As a child I would collect anecdotes such as this. Some of these moments were happy and others melancholic. I was sentimental to a detriment and mostly interested in trivial details; holding my father’s hand while crossing the road, holding a piece of ice in the palm of my hand during a hailstorm, handing my mother tissues the day my parents separated. Growing up without any siblings my age meant that I spent a lot of time inside the refuge of my own imagination.

I made it my mission to collect and imprison memories, to bury them inside of me. Sometimes I sift through them like old photographs, revisiting each one with all of my senses. The timber of a voice, repeated gestures, other small idiosyncrasies that past intimacies have left behind. I wear these instants on my skin like perfume, their aroma does not escape me.

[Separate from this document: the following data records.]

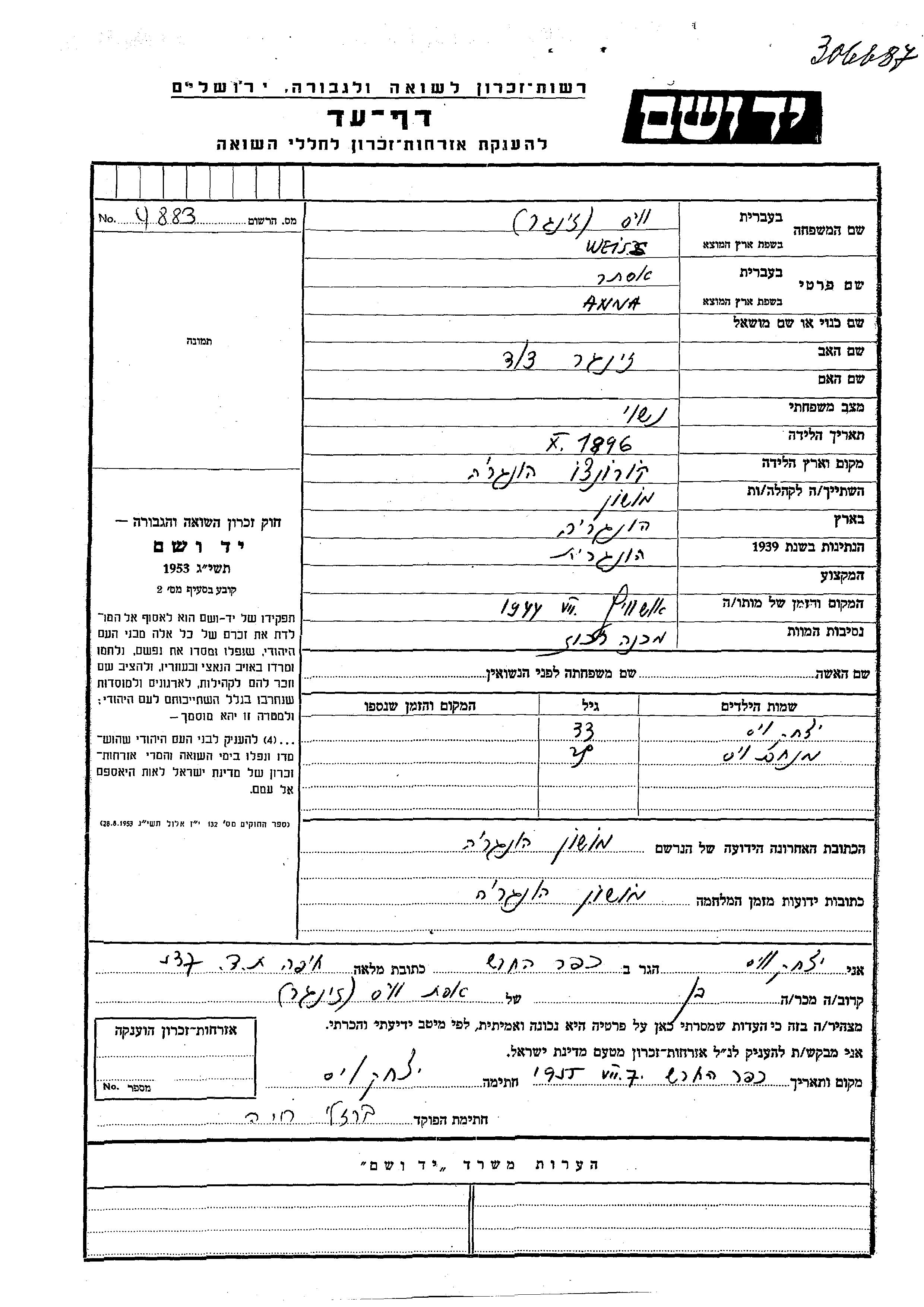 Menakhem Weiss wurde Er war der Sohn von Anna Ester, geb. Zinger. Vor dem Zweiten Weltkrieg lebte er in Moson, Ungarn. Während des Krieges war er in Moson, Ungarn.
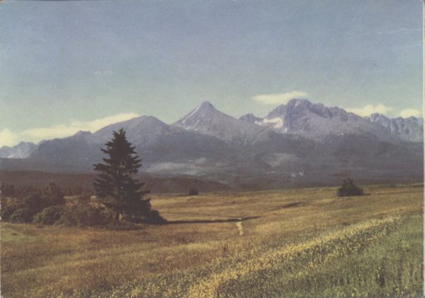 Tatry Wysokie. Od lewej: Tępa, Kończysta, Batyżowiecki Szczyt, Szczyt Stalina. Tytuł również w języku: ros., ang., niem.
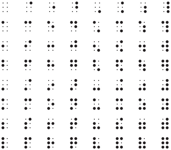 На данный момент нас должно заинтересовать, что эти точки двоичны. Любая точка может быть либо выпуклой, либо плоской. Таким образом, шрифт Брайля подчиняется тем же принципам, которые знакомы нам из азбуки Морзе и комбинаторного анализа. Известно, что в клетке шесть точек, и каждая точка может быть плоской или выпуклой, поэтому общее число комбинаций, которые складываются из шести плоских или выпуклых точек, равно 2 × 2 × 2 × 2 × 2 × 2, или 26, или 64.
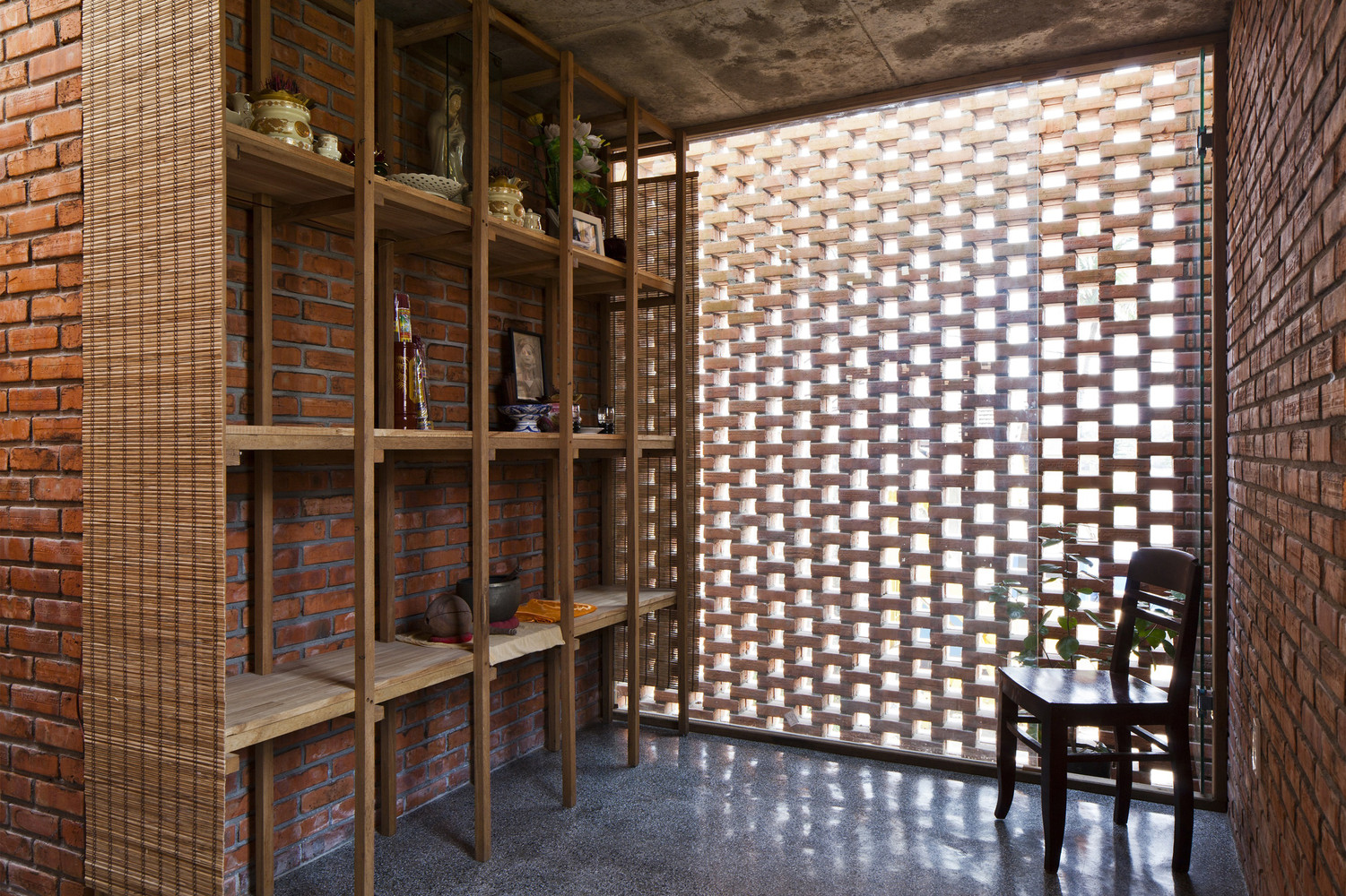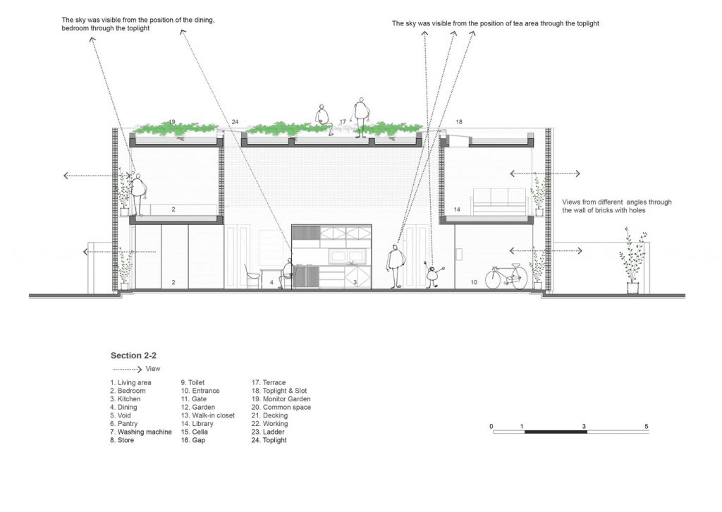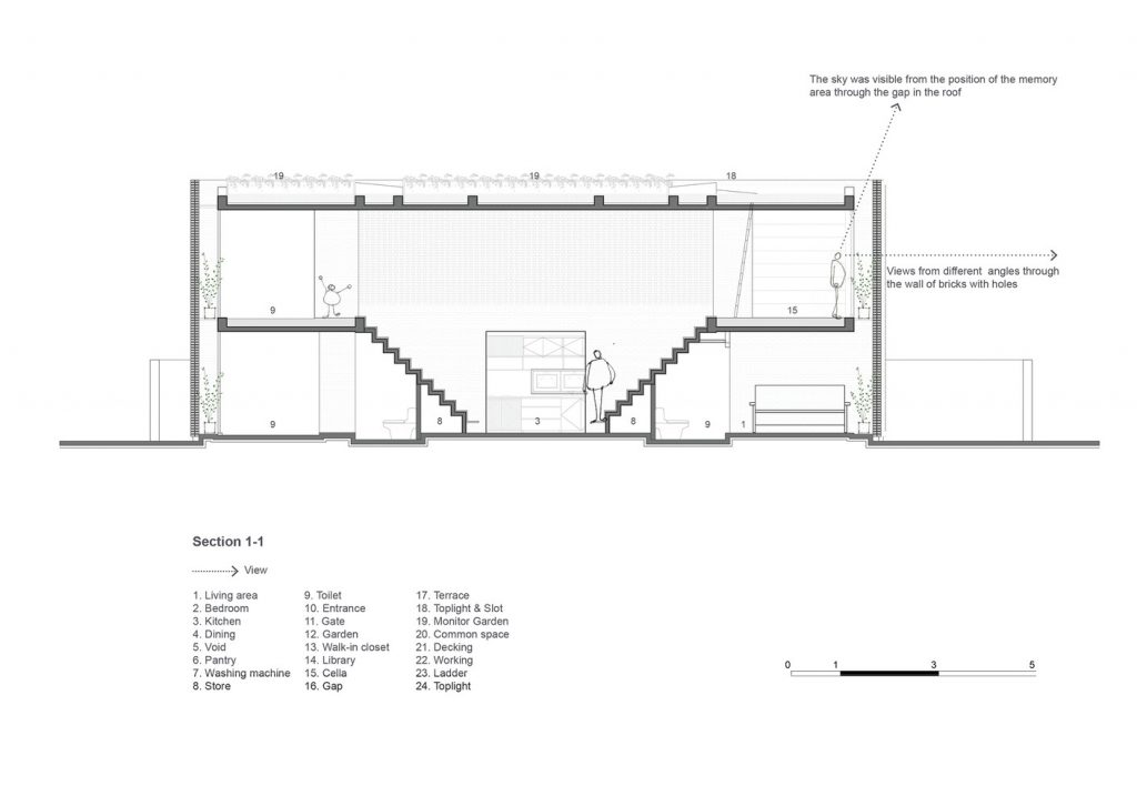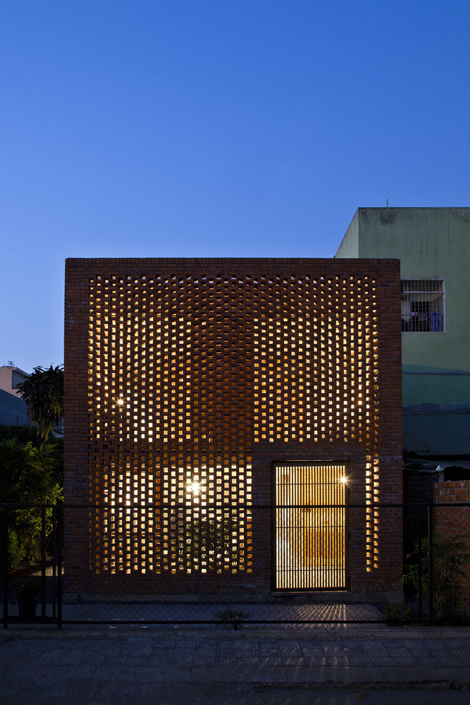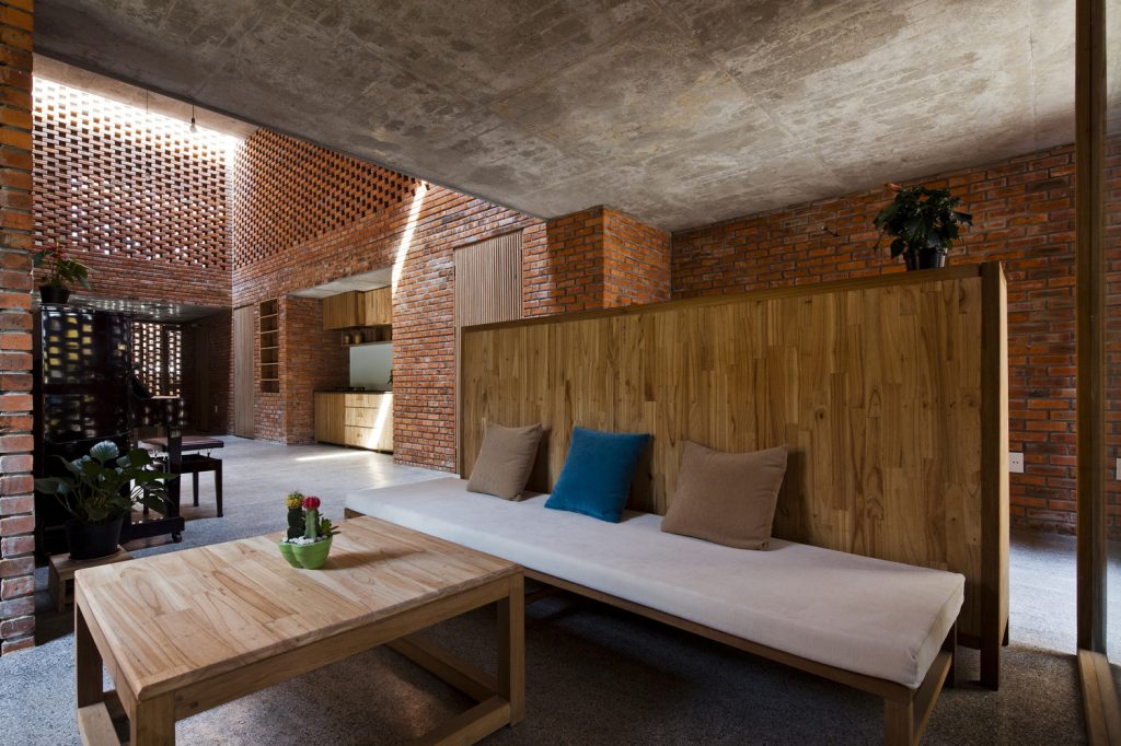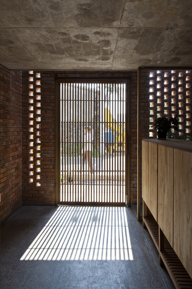 Thiết kế đặc biệt của những bức tường gạch nung với nhiều lỗ hổng cùng với khoảng thông tầng rộng lớn giúp gió và ánh sáng len lỏi đến mọi ngóc ngách trong nhà, ngay cả những khu vực khó tiếp cận nhất. Chủ nhân ngôi nhà cũng có thể tận hưởng bầu trời trong xanh vào ban ngày hoặc ánh trăng vào ban đêm từ phòng khách, bàn ăn hay nhà bếp.
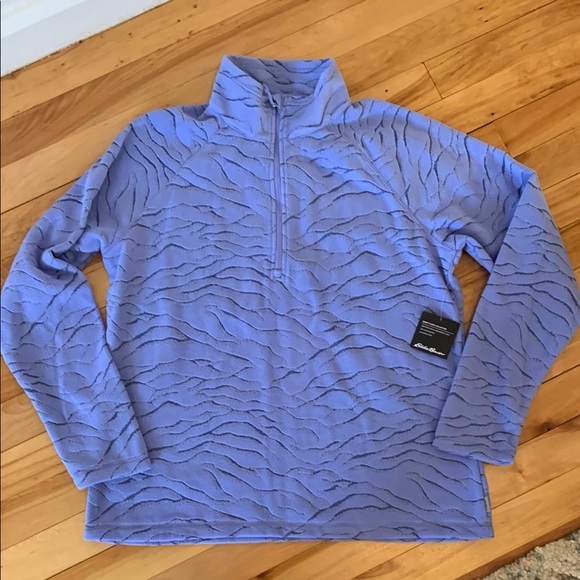 Eddie Bauer women's fleece pullover arrived early, packaged safely. Top is new as described, and the color is lovely. Great seller. Thank you.
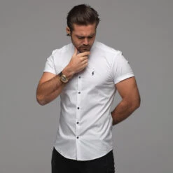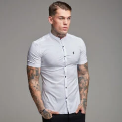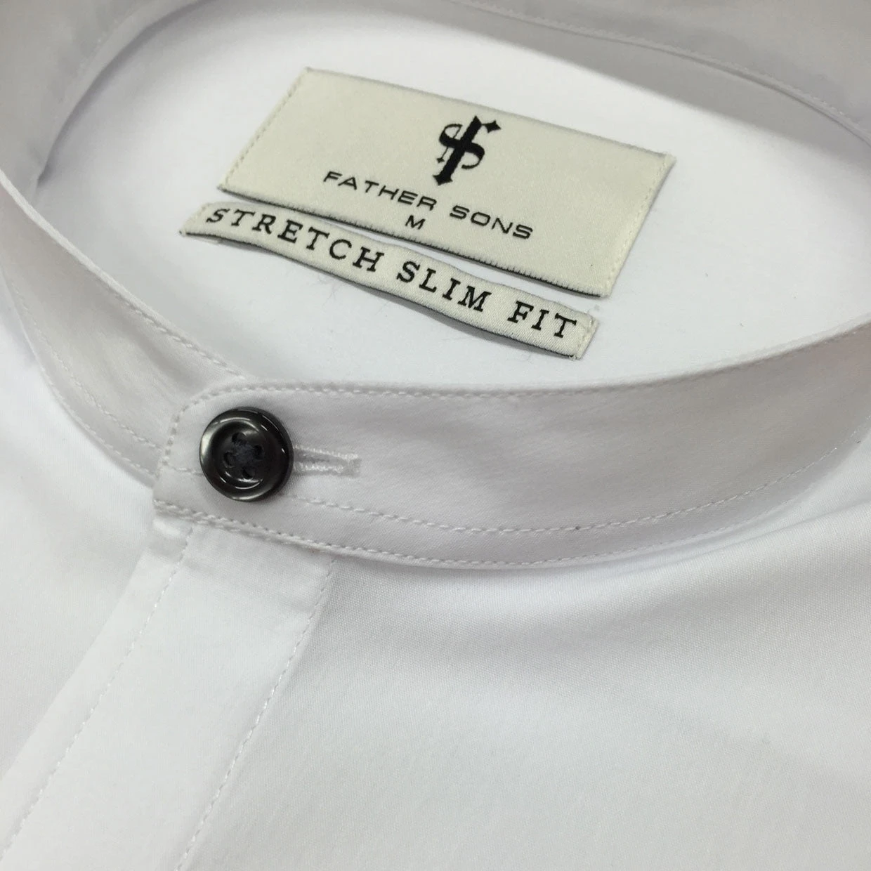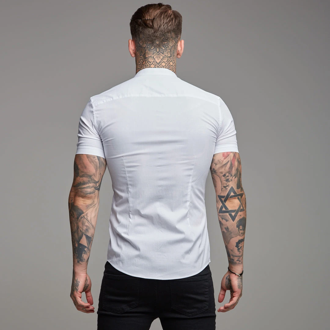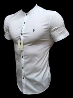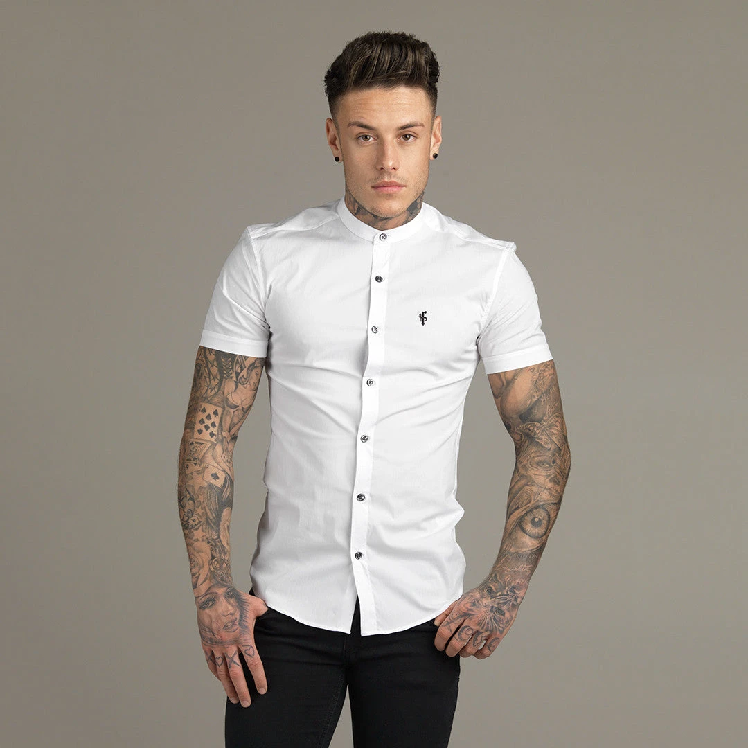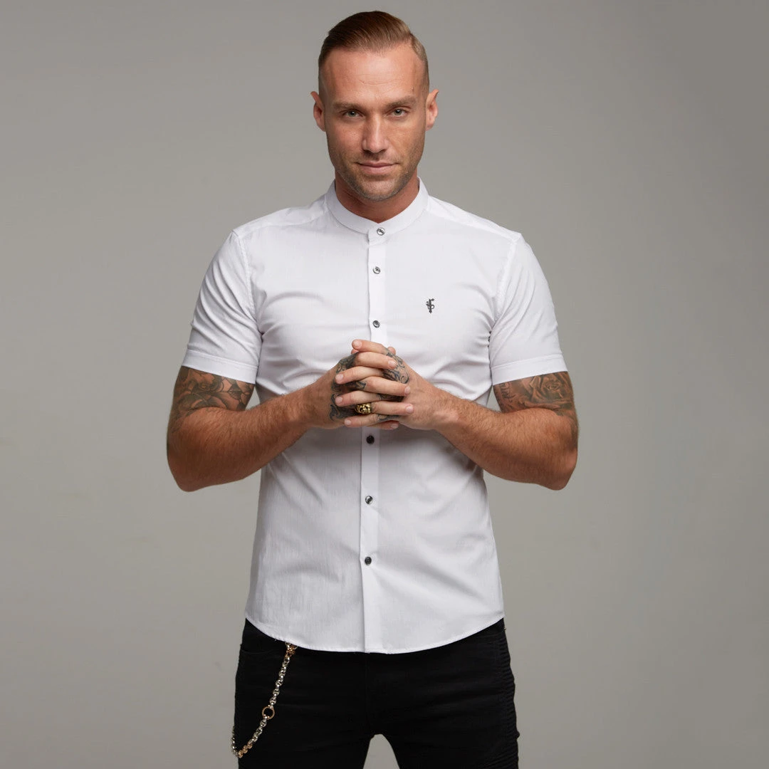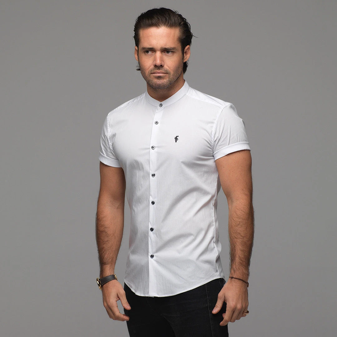 Father Sons Super Slim Stretch Classic White Grandad Collar Short Sleeve – FS172

It was this practice of poaching memories like ivory tusks that served my writing life. It also served my love life. Sometimes I would lick my wounds with the memory of someone’s touch. I am guilty of using such nuances as a sword too. This practice of remembering made it impossible to forget.

The memory obscures reality. It has a way of blurring the lines between what is actual and what is imagined. We are unreliable narrators by nature. We are illusionists, creating illusions for ourselves by our own slight-of-hand. There can be no definition between what is real and what is unreal, because in our memories, we do not see things as they are; we see them as we are.